### [What you should do]
Could you copy the records below exactly, leaving out any pictures they include?

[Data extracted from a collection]
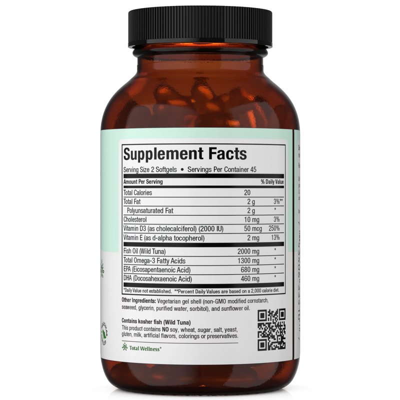 Maxi Health Research is proud to provide you with our line of healthy, easy-to-take fish oil supplements that offer a potent source of omega-3 fatty acids which the body is unable to produce on its own. After nearly 50 years of trusted industry experience, our proprietary range of fish oil products includes premium blends with additional vitamins and minerals. Always easy to digest, with no fishy burps or aftertaste.HIGHER POTENCY SOURCE OF EPA / DHA + VITAMIN D3You keep reading and hearing about the benefits of essential fats, the omega-3 fatty acids: eicosapentaenoic acid (EPA), docosahexaenoic acid (DHA). You’ve heard and read how it supports the brain, the eyes, joints, mood, memory and heart health. Remember, it’s the omega-3’s that most people are deficient in, not omega-6. An enteric coating bypasses the stomach to dissolve in the small intestines for best results and maximum potency of EPA and DHA per serving. Each serving is also loaded with 2000IU Vitamin D3.NO FISHY BURPS OR AFTERTASTEThousands of satisfied customers have reported ZERO fish burps, ZERO fish smell, and ZERO fishy aftertaste when taking Maxi Health omega-3. Gluten Free. No artificial flavors, colorings, or preservatives.MERCURY & HEAVY METAL FREERigorously third party tested to provide guaranteed potency and purity. Cold extraction, molecular distillation and molecular filtration ensure that all Maxi Health fish oil supplements are free from mercury, lead, cadmium, PCBs, pesticides, dioxins, as well as other heavy metals. Non-GMO verified. Pescatarian friendly. Manufactured in a cGMP facility in the USA.WILD-CAUGHT FISH | KOSHER CERTIFICATIONMade using only fresh, wild-caught ocean fish. Kosher certified by the Udvari Kashruth (UK) and the Orthodox Union (OU). Directions: Take two (2) softgels or more daily with meals or as directed by a healthcare practitioner.
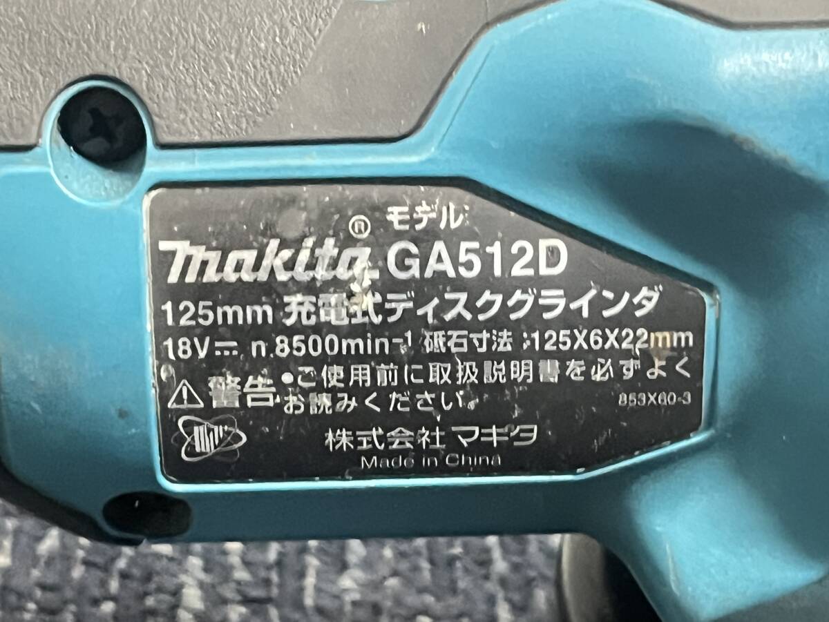 【中古品】makita マキタ 18V 125mm 充電式ディスクグラインダ GA512DZ 青/ブルー 本体のみ 研削 研磨 10907
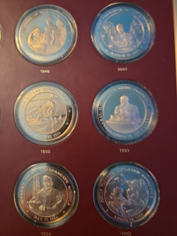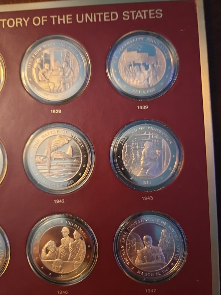 The Franklin Mint History of the United States is a collection of bronze medals showcasing key moments and figures in American history. Each medal is struck with a fineness of 0.999 bronze and is in uncirculated condition, making them valuable pieces for collectors and history enthusiasts. The brand, Franklin Mint, is known for producing high-quality coins and medals, adding to the appeal and authenticity of this series.From years 1936 to 1955. all coins are bronze enclosed in plastic cases. never been opened.
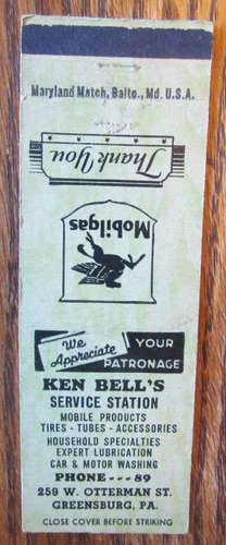 KEN BELL MOBIL GAS STATION MATCHBOOK MATCHCOVER: GREENSBURG, PENNSYLVANIA -E15
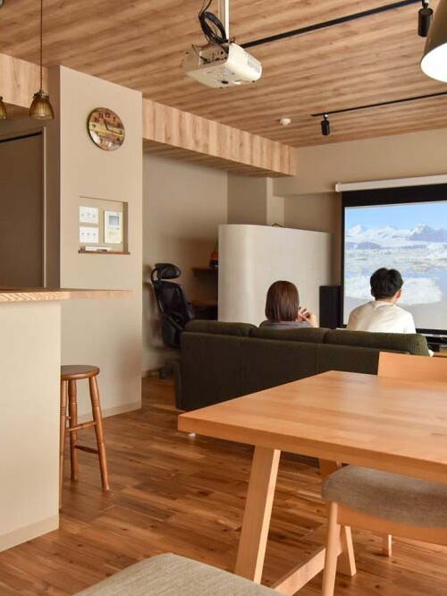 壁を取り払い、ひと続きのLDKに。プロジェクタースクリーンはソファだけでなく、キッチンからも見えるように配置。窓側には畳スペース、壁側にはアール壁で仕切ったワークスぺースも。
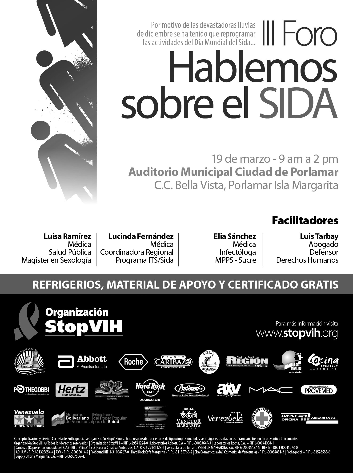 10/03/2011.- Especialistas y estudiosos del panorama actual del virus de inmunodeficiencia humana (VIH) y el síndrome de inmunodeficiencia adquirida (Sida), participarán en el III foro “Hablemos sobre el Sida”, que organiza la Organización StopVIH en la isla Margarita.
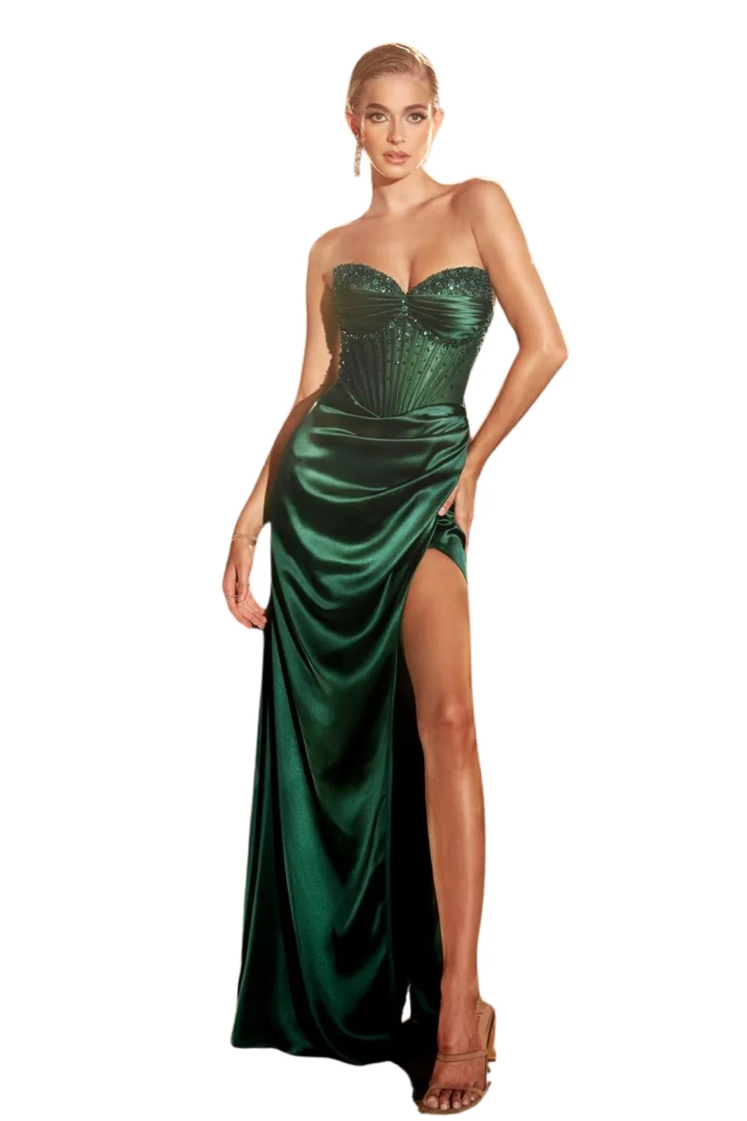 Éblouissante et sophistiquée, cette robe bustier en satin met en valeur la silhouette avec son corset semi-transparent richement orné de perles scintillantes. Le dos à laçage assure un ajustement parfait et ajoute une touche raffinée. La jupe fluide, drapée avec élégance, est sublimée par une fente audacieuse qui allie sensualité et modernité.

### [Exercise output]
 Maxi Health Research is proud to provide you with our line of healthy, easy-to-take fish oil supplements that offer a potent source of omega-3 fatty acids which the body is unable to produce on its own. After nearly 50 years of trusted industry experience, our proprietary range of fish oil products includes premium blends with additional vitamins and minerals. Always easy to digest, with no fishy burps or aftertaste.HIGHER POTENCY SOURCE OF EPA / DHA + VITAMIN D3You keep reading and hearing about the benefits of essential fats, the omega-3 fatty acids: eicosapentaenoic acid (EPA), docosahexaenoic acid (DHA). You’ve heard and read how it supports the brain, the eyes, joints, mood, memory and heart health. Remember, it’s the omega-3’s that most people are deficient in, not omega-6. An enteric coating bypasses the stomach to dissolve in the small intestines for best results and maximum potency of EPA and DHA per serving. Each serving is also loaded with 2000IU Vitamin D3.NO FISHY BURPS OR AFTERTASTEThousands of satisfied customers have reported ZERO fish burps, ZERO fish smell, and ZERO fishy aftertaste when taking Maxi Health omega-3. Gluten Free. No artificial flavors, colorings, or preservatives.MERCURY & HEAVY METAL FREERigorously third party tested to provide guaranteed potency and purity. Cold extraction, molecular distillation and molecular filtration ensure that all Maxi Health fish oil supplements are free from mercury, lead, cadmium, PCBs, pesticides, dioxins, as well as other heavy metals. Non-GMO verified. Pescatarian friendly. Manufactured in a cGMP facility in the USA.WILD-CAUGHT FISH | KOSHER CERTIFICATIONMade using only fresh, wild-caught ocean fish. Kosher certified by the Udvari Kashruth (UK) and the Orthodox Union (OU). Directions: Take two (2) softgels or more daily with meals or as directed by a healthcare practitioner.
 【中古品】makita マキタ 18V 125mm 充電式ディスクグラインダ GA512DZ 青/ブルー 本体のみ 研削 研磨 10907
 The Franklin Mint History of the United States is a collection of bronze medals showcasing key moments and figures in American history. Each medal is struck with a fineness of 0.999 bronze and is in uncirculated condition, making them valuable pieces for collectors and history enthusiasts. The brand, Franklin Mint, is known for producing high-quality coins and medals, adding to the appeal and authenticity of this series.From years 1936 to 1955. all coins are bronze enclosed in plastic cases. never been opened.
 KEN BELL MOBIL GAS STATION MATCHBOOK MATCHCOVER: GREENSBURG, PENNSYLVANIA -E15
 壁を取り払い、ひと続きのLDKに。プロジェクタースクリーンはソファだけでなく、キッチンからも見えるように配置。窓側には畳スペース、壁側にはアール壁で仕切ったワークスぺースも。
 10/03/2011.- Especialistas y estudiosos del panorama actual del virus de inmunodeficiencia humana (VIH) y el síndrome de inmunodeficiencia adquirida (Sida), participarán en el III foro “Hablemos sobre el Sida”, que organiza la Organización StopVIH en la isla Margarita.
 Éblouissante et sophistiquée, cette robe bustier en satin met en valeur la silhouette avec son corset semi-transparent richement orné de perles scintillantes. Le dos à laçage assure un ajustement parfait et ajoute une touche raffinée. La jupe fluide, drapée avec élégance, est sublimée par une fente audacieuse qui allie sensualité et modernité.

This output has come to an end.